DeepL, an AI company famous for its text translation tools, today released a speech-to-speech translation product portfolio to enter the real-time speech translation market, covering a variety of scenarios such as online meetings, mobile and web conversations, and group communication involving front-line employees through customized applications. At the same time, DeepL also launched an API for developers and enterprises to support customized voice translation solutions for call centers and other businesses based on its technology.

DeepL CEO Jarek Kutylowski said in an interview that after years of focusing on text translation, speech was the company's "natural next step." He emphasized that DeepL has come a long way in text and document translation, but in the field of real-time speech translation, "there is still a lack of a truly outstanding product," which is why the company decided to enter.
Kutlovsky pointed out that the core difficulty in building a real-time translation product is how to strike a balance between reducing latency and maintaining accuracy. The so-called delay refers to the time difference between when the user speaks and when the translated voice is played. In conference and dialogue scenarios, the smaller the difference, the closer the user's communication experience is to "simultaneous dialogue."
In this release, DeepL launches plug-ins for Zoom and Microsoft Teams, allowing listeners in remote meetings to listen to all parties speaking in their native languages, hear translated voices in real time, or read real-time translated subtitles on the screen. The program is still in early testing, and DeepL is inviting businesses to join a waitlist to be the first to try out the feature. In addition, the company also provides conversation products for mobile terminals and web pages, allowing users to communicate cross-language in person or remotely.
For multi-person offline or online group scenarios such as training and seminars, DeepL allows participants to join the same session by scanning the QR code, and everyone can receive translated content in the corresponding language on their own device. DeepL said its speech-to-speech technology can also learn and adapt custom vocabulary, such as vertical industry terms, company names, and personal names, to improve its use in professional scenarios.
Kutlovsky believes that AI is reshaping the shape of the customer service industry in the next few years. A high-quality translation layer can help companies still provide multilingual service support in a market where local language talents are lacking and recruitment costs are high. Under this vision, DeepL hopes that its voice technology will not only serve conference scenarios, but also become one of the basic language infrastructures for customer service centers and global enterprises.

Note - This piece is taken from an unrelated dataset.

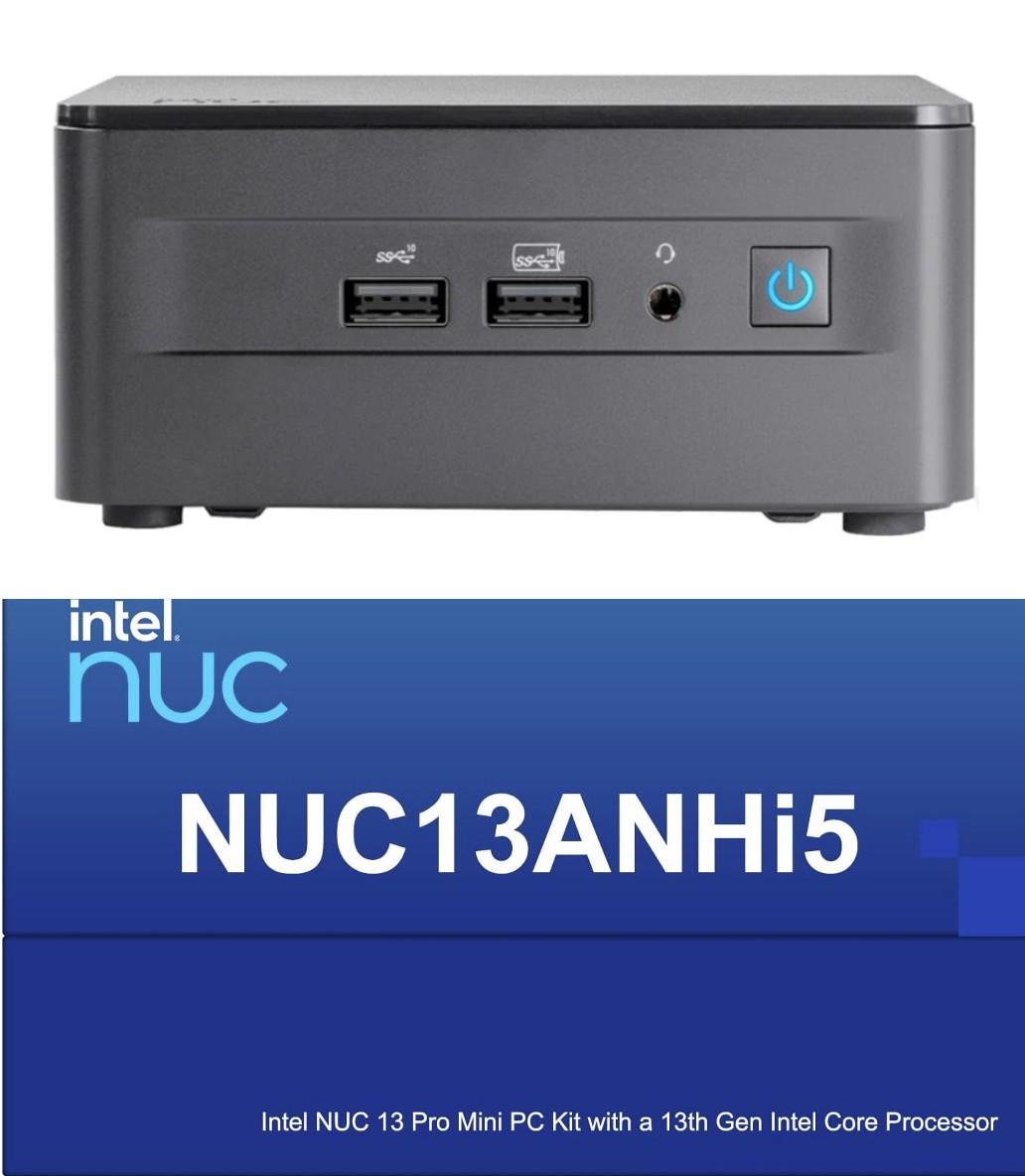 Model: Intel Form/Style: Mini PCModel No: RNUC13ANHI50001Processor: 13th Gen i5-1340P 1.90GHz Processor (upto 4.6 GHz, 12MB Cache, 12-Cores, 16-Threads, 4 Performance-cores)Memory: 16GB DDR4 SO-DIMMGraphics: Intel Iris Xe Integrated Graphics, Storage: 1TB PCIe SSD (Solid State Drive)Operating System: Windows 11 Home-64Display: Connectivity: 802.11ax Wifi, Bluetooth 5.3, RJ-45Ports/Slots:, 1 USB 2.0, 2 HDMI, 2 Thunderbolt 4, Headphone/Microphone Combo JackInput/Output:, Battery: 120W PSU, Other Features, Color: BlackWeight: 1.3lbProduct Dimensions (WxLxH): 4.5 IN x 4.65 IN x 2.25 INIntel NUC Business Mini Desktop (Intel i5-1340P, Intel Iris Xe, 16GB DDR4, 1TB PCIe SSD, 2 Thunderbolt 4, WiFi 6E, Bluetooth 5.3, 120W PSU, RJ-45, 2 HDMI, Win 11 Home)Model: Intel Form/Style: Mini PCModel No: RNUC13ANHI50001Processor: 13th Gen i5-1340P 1.90GHz Processor (upto 4.6 GHz, 12MB Cache, 12-Cores, 16-Threads, 4 Performance-cores)Memory: 16GB DDR4 SO-DIMMGraphics: Intel Iris Xe Integrated Graphics, Storage: 1TB PCIe SSD (Solid State Drive)Operating System: Windows 11 Home-64Display: Connectivity: 802.11ax Wifi, Bluetooth 5.3, RJ-45Ports/Slots:, 1 USB 2.0, 2 HDMI, 2 Thunderbolt 4, Headphone/Microphone Combo JackInput/Output:, Battery: 120W PSU, Other Features, Color: BlackWeight: 1.3lbProduct Dimensions (WxLxH): 4.5 IN x 4.65 IN x 2.25 IN

On the technical roadmap, DeepL said that its current products are driven by a self-developed complete "speech-to-speech" technology stack, but at this stage it still uses the three-step process of "speech to text - text translation - text to speech". The company believes that its long-term focus on text translation gives it an advantage in overall translation quality. Going forward, DeepL plans to develop an end-to-end speech translation model that omits text intermediate steps in order to achieve further improvements in latency and naturalness.

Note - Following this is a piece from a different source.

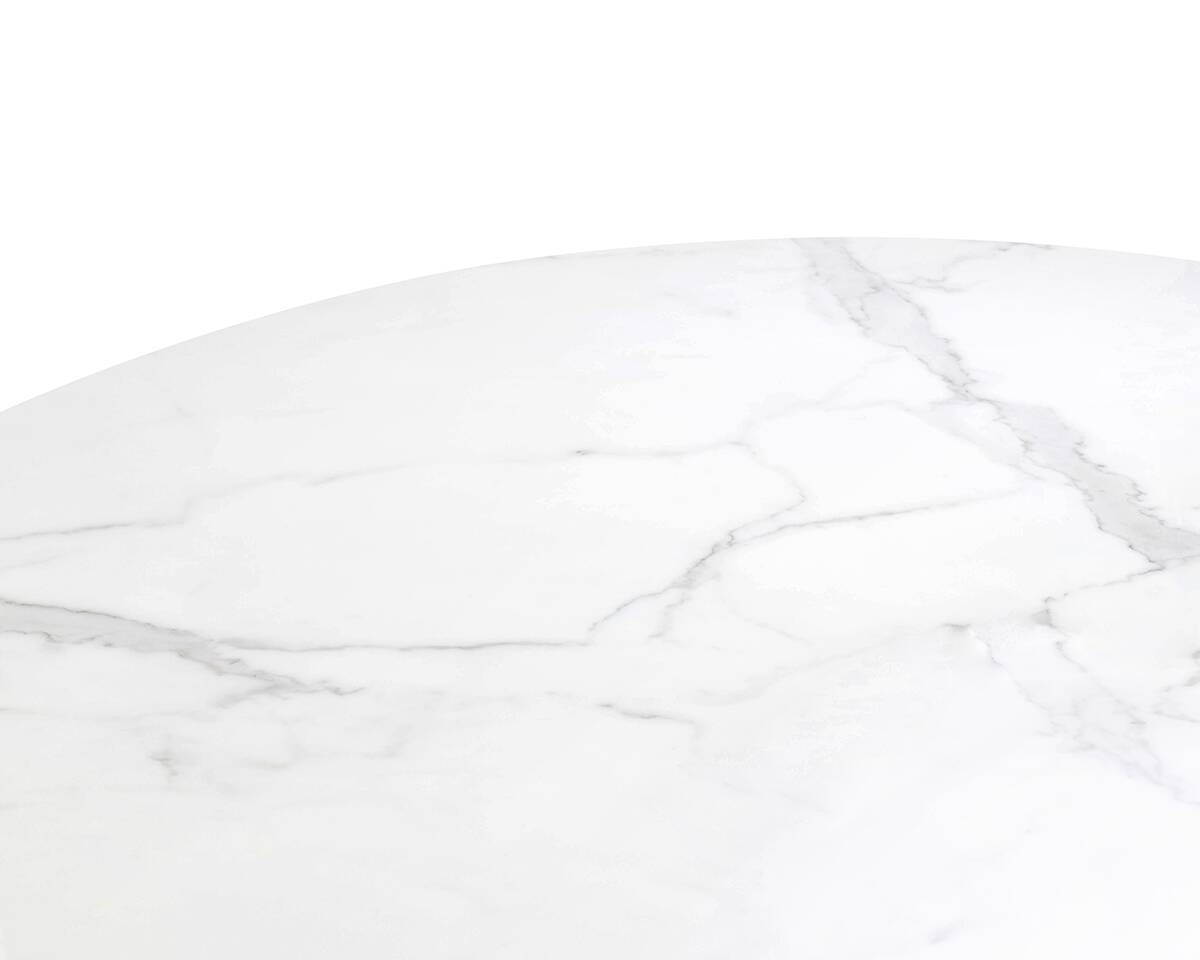 Okrągły blat z konglomeratu: Wykonany z wysokiej jakości konglomeratu imitującego marmur, blat prezentuje się niezwykle elegancko i jest odporny na codzienne użytkowanie.

In the field of speech and translation, DeepL faces competition from multiple startups. Among them, Sanas raised US$65 million from Quadrille Capital and Teleperformance last year. It focuses on technology that modifies the accent of speakers in real time, mainly for call center agents. Camb.AI, headquartered in Dubai, provides speech synthesis and translation services for media and entertainment companies, helping customers complete dubbing and localization of large-scale content. Palabra, invested by Reddit co-founder Alexis Ohanian’s fund Seven Seven Six, builds a real-time speech translation engine that emphasizes trying to retain the speaker’s original voice characteristics during the translation process, forming a more direct competitive relationship with the capabilities being built by DeepL.
After establishing a foothold in the text translation market, DeepL is trying to expand its boundaries through voice products, extending the technology to conference collaboration, customer service and front-line operation scenarios. As more companies seek to use AI to reduce cross-language communication costs, real-time speech translation is expected to become the focus of a new round of competition, and DeepL is accelerating its deployment on this track.